-- PROVIDED ENTRIES follows --
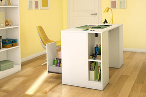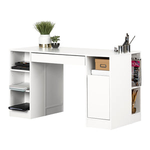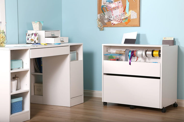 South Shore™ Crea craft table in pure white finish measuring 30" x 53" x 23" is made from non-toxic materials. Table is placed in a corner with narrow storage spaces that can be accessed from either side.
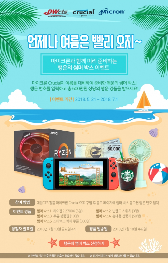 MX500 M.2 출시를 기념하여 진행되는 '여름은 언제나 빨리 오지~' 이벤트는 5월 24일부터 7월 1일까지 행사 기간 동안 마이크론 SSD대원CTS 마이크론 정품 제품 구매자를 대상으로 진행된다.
-- PROVIDED ENTRIES concluded --
-- PROVIDED ENTRIES follows --
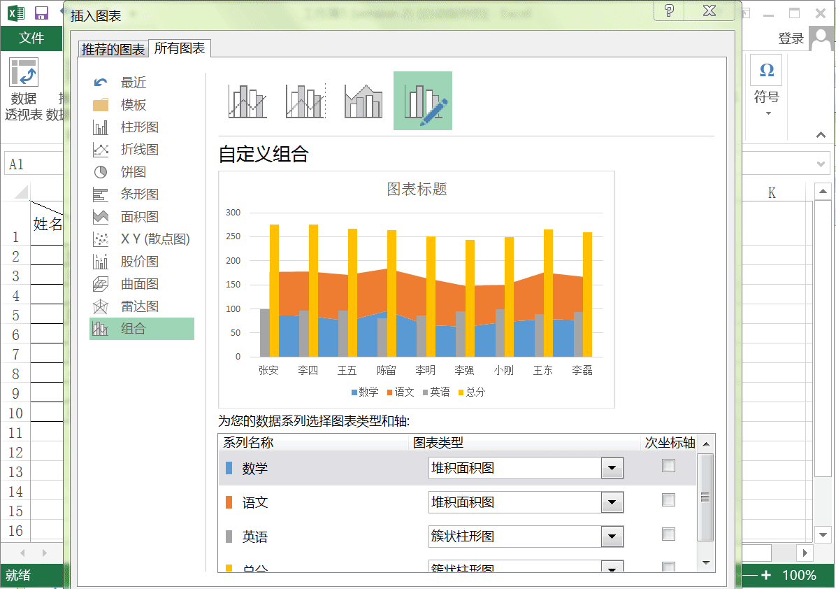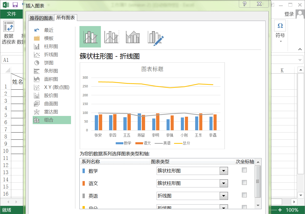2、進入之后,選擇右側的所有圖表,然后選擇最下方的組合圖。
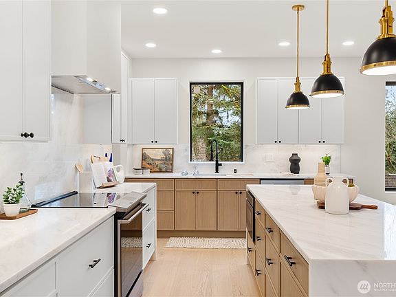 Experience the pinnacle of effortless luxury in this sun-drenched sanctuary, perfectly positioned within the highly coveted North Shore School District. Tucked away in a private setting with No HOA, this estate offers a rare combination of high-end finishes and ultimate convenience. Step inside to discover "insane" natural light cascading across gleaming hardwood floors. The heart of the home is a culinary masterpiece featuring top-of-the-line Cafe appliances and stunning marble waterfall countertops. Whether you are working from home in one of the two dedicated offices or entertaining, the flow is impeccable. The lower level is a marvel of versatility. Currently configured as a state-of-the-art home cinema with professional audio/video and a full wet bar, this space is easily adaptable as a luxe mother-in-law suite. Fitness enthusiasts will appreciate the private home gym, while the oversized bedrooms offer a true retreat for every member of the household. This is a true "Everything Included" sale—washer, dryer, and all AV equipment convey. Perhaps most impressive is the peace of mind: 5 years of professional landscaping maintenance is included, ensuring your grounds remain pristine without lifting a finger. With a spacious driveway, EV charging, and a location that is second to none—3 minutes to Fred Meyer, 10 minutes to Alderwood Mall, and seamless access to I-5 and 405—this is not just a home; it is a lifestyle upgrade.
-- PROVIDED ENTRIES concluded --
-- PROVIDED ENTRIES follows --
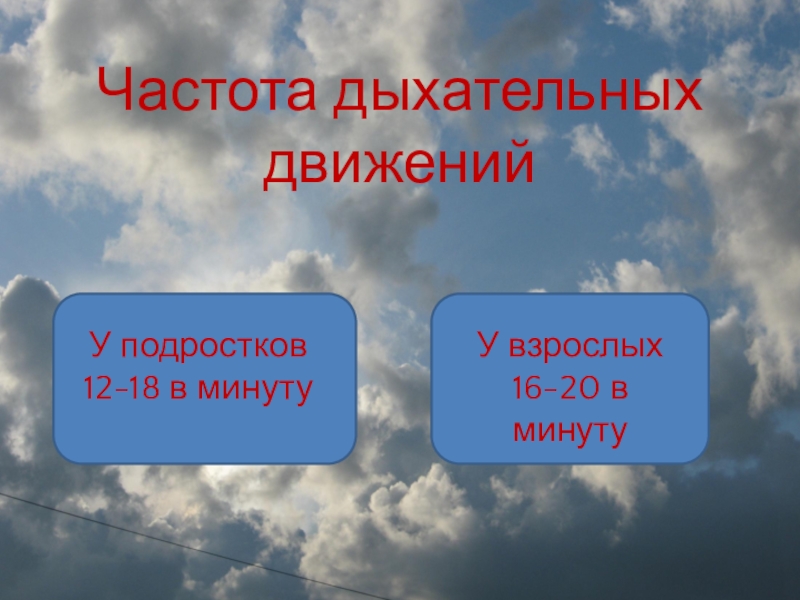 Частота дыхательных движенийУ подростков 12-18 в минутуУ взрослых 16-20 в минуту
-- PROVIDED ENTRIES concluded --
◆ WORK REQUIRED ◆
Take the lines above starting at the one containing "South Shore™ Crea" and ending at the one containing "MX500 M.2 출시를", and print them again exactly, without pictures.

◆ WRITTEN SOLUTION ◆
 South Shore™ Crea craft table in pure white finish measuring 30" x 53" x 23" is made from non-toxic materials. Table is placed in a corner with narrow storage spaces that can be accessed from either side.
 MX500 M.2 출시를 기념하여 진행되는 '여름은 언제나 빨리 오지~' 이벤트는 5월 24일부터 7월 1일까지 행사 기간 동안 마이크론 SSD대원CTS 마이크론 정품 제품 구매자를 대상으로 진행된다.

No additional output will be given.